Records —
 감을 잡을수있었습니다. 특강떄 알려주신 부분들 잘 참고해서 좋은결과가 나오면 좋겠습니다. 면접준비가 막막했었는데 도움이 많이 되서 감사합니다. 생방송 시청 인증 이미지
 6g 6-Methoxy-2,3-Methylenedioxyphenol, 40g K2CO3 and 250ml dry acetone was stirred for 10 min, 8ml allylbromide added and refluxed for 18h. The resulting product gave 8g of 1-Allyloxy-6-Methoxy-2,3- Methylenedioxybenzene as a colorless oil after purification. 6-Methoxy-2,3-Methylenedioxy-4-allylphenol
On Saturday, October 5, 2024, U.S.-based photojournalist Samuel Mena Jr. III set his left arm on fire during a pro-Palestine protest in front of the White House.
---
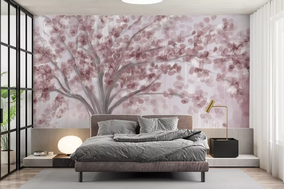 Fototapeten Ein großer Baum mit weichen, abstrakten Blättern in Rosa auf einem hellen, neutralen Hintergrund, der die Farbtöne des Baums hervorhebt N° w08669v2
---
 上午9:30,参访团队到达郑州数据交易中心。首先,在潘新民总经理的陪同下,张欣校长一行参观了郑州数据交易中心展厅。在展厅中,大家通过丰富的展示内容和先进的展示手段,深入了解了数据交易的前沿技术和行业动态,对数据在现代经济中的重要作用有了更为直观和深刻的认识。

Try it —
Please give again the lines above between the line holding "감을 잡을수있었습니다. 특강떄" and the line holding "On Saturday, October", inclusive, exactly as they are and with nothing added.

Written answer —
 감을 잡을수있었습니다. 특강떄 알려주신 부분들 잘 참고해서 좋은결과가 나오면 좋겠습니다. 면접준비가 막막했었는데 도움이 많이 되서 감사합니다. 생방송 시청 인증 이미지
 6g 6-Methoxy-2,3-Methylenedioxyphenol, 40g K2CO3 and 250ml dry acetone was stirred for 10 min, 8ml allylbromide added and refluxed for 18h. The resulting product gave 8g of 1-Allyloxy-6-Methoxy-2,3- Methylenedioxybenzene as a colorless oil after purification. 6-Methoxy-2,3-Methylenedioxy-4-allylphenol
On Saturday, October 5, 2024, U.S.-based photojournalist Samuel Mena Jr. III set his left arm on fire during a pro-Palestine protest in front of the White House.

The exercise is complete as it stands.